## Problem statement
Could you restate word for word every line from the one containing "ZAJA 여성 추동 원피스" to the end of the data below, pictures excluded?

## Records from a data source

────────────────────────────────────────

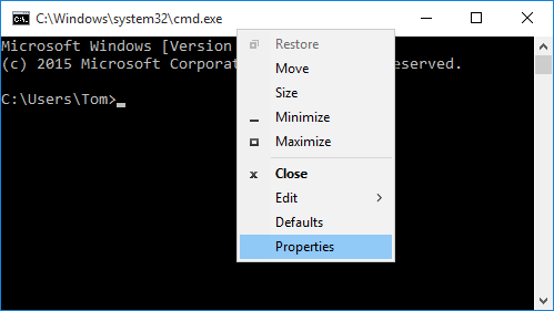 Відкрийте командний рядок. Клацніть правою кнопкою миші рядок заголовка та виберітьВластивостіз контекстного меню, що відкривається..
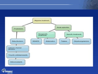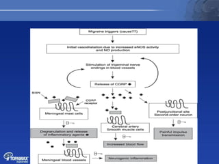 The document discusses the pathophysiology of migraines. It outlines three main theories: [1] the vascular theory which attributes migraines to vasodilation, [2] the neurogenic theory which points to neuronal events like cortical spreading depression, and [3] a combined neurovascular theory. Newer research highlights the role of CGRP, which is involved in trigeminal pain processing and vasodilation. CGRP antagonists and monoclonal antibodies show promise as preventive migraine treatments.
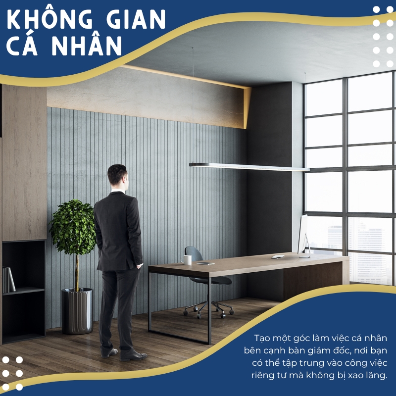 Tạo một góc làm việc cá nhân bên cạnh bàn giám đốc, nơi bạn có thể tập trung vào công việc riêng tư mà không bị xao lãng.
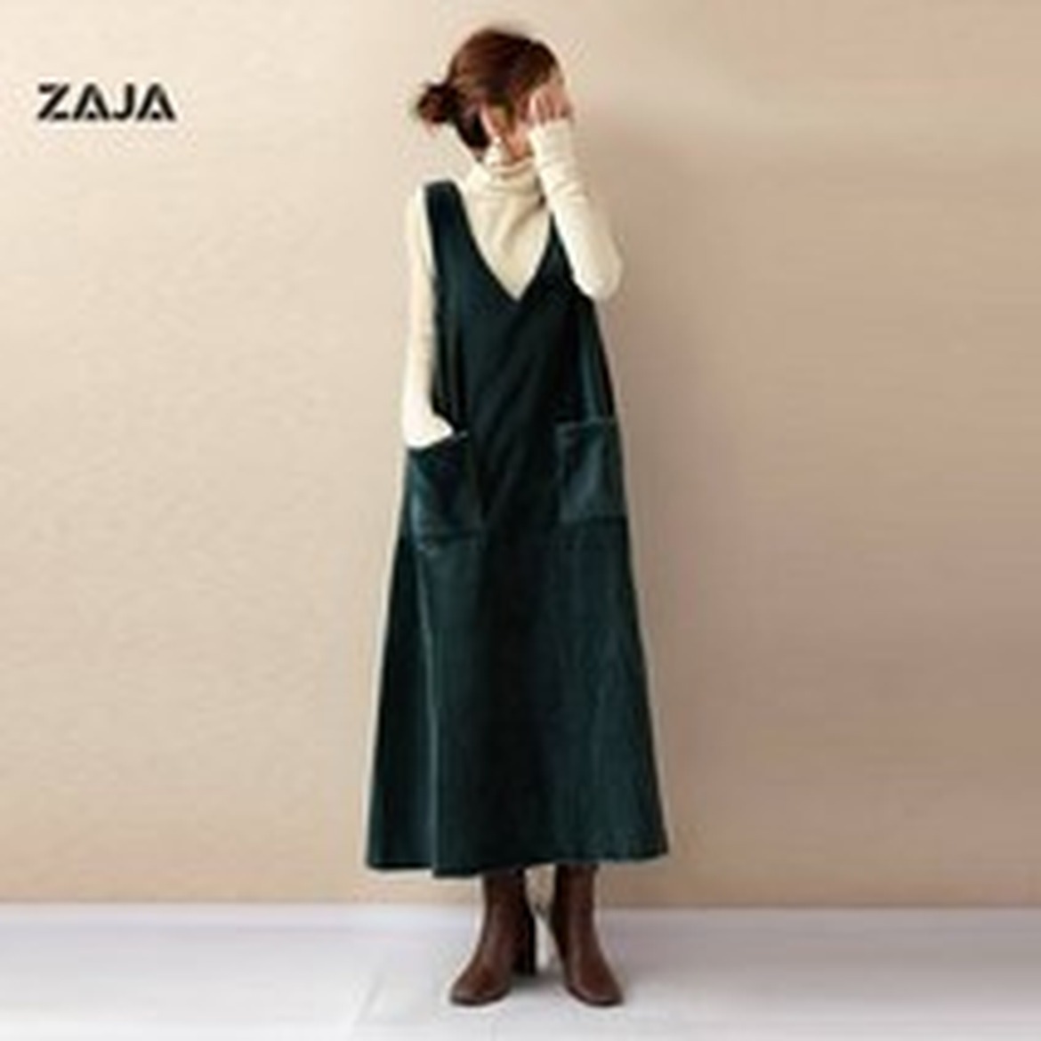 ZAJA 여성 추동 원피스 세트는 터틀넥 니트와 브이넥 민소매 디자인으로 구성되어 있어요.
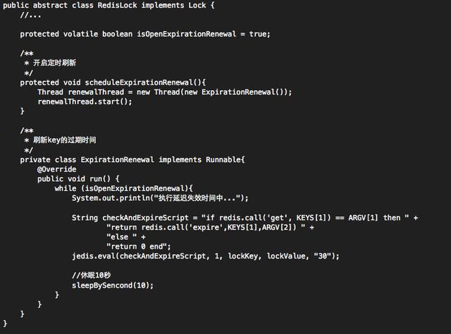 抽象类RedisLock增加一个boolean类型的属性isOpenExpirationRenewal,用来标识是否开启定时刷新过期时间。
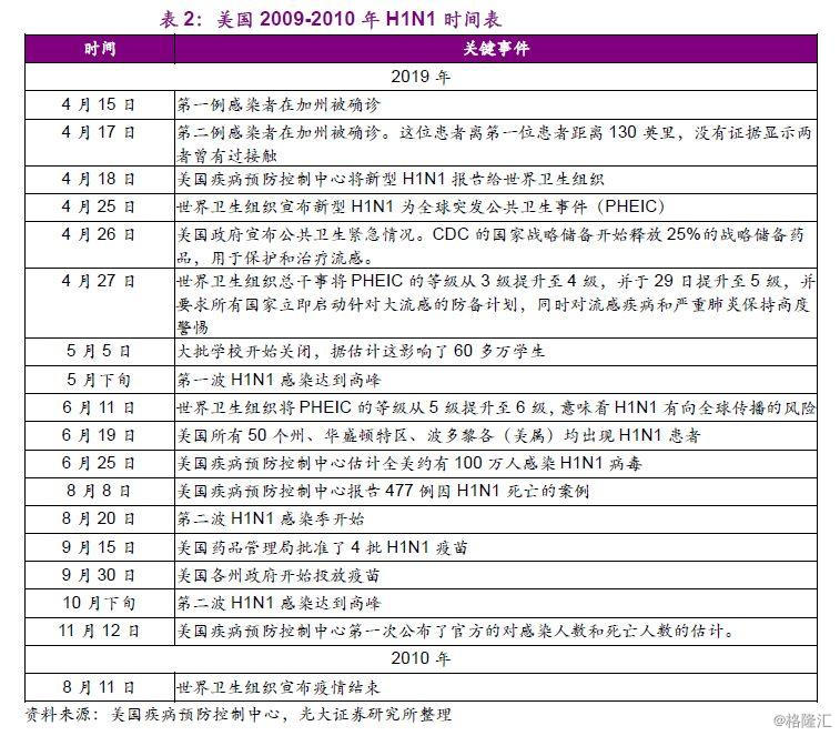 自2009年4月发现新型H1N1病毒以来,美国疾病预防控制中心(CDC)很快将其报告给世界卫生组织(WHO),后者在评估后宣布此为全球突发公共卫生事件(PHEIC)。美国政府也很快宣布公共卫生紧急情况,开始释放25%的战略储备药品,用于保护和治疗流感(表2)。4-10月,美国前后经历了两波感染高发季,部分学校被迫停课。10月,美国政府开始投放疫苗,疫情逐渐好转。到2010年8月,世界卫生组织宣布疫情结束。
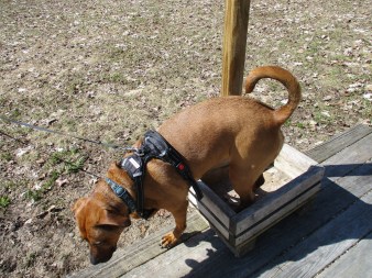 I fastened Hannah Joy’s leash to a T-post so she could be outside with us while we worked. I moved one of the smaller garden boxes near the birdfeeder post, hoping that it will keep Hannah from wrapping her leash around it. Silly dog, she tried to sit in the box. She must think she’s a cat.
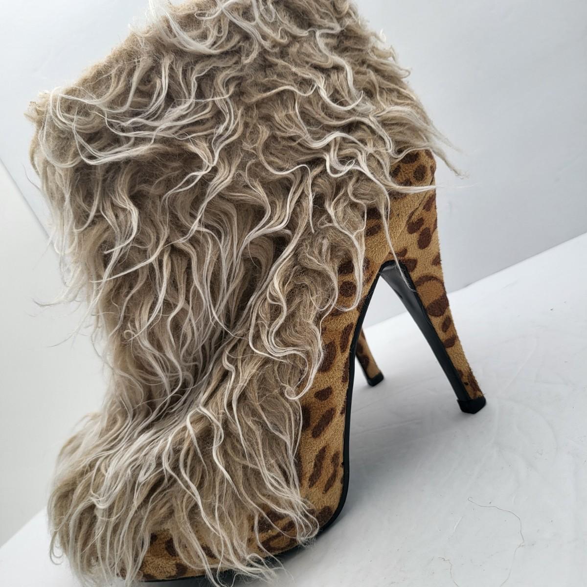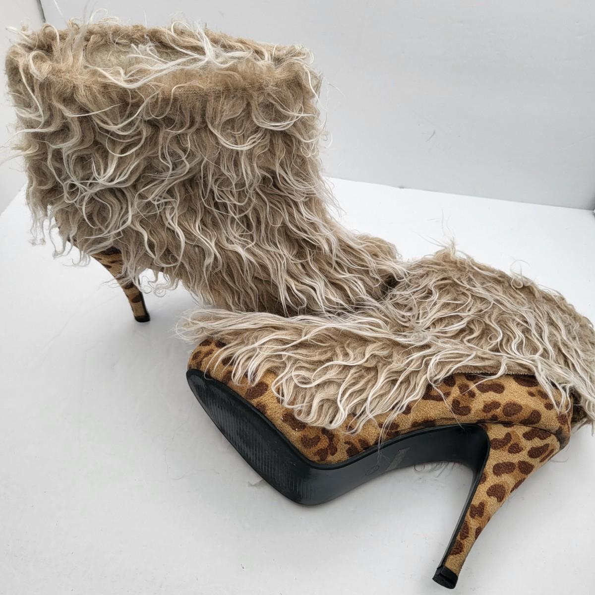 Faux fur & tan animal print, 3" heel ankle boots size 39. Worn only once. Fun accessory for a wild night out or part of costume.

────────────────────────────────────────

## Solution to the exercise
 ZAJA 여성 추동 원피스 세트는 터틀넥 니트와 브이넥 민소매 디자인으로 구성되어 있어요.
 抽象类RedisLock增加一个boolean类型的属性isOpenExpirationRenewal,用来标识是否开启定时刷新过期时间。
 自2009年4月发现新型H1N1病毒以来,美国疾病预防控制中心(CDC)很快将其报告给世界卫生组织(WHO),后者在评估后宣布此为全球突发公共卫生事件(PHEIC)。美国政府也很快宣布公共卫生紧急情况,开始释放25%的战略储备药品,用于保护和治疗流感(表2)。4-10月,美国前后经历了两波感染高发季,部分学校被迫停课。10月,美国政府开始投放疫苗,疫情逐渐好转。到2010年8月,世界卫生组织宣布疫情结束。
 I fastened Hannah Joy’s leash to a T-post so she could be outside with us while we worked. I moved one of the smaller garden boxes near the birdfeeder post, hoping that it will keep Hannah from wrapping her leash around it. Silly dog, she tried to sit in the box. She must think she’s a cat.
 Faux fur & tan animal print, 3" heel ankle boots size 39. Worn only once. Fun accessory for a wild night out or part of costume.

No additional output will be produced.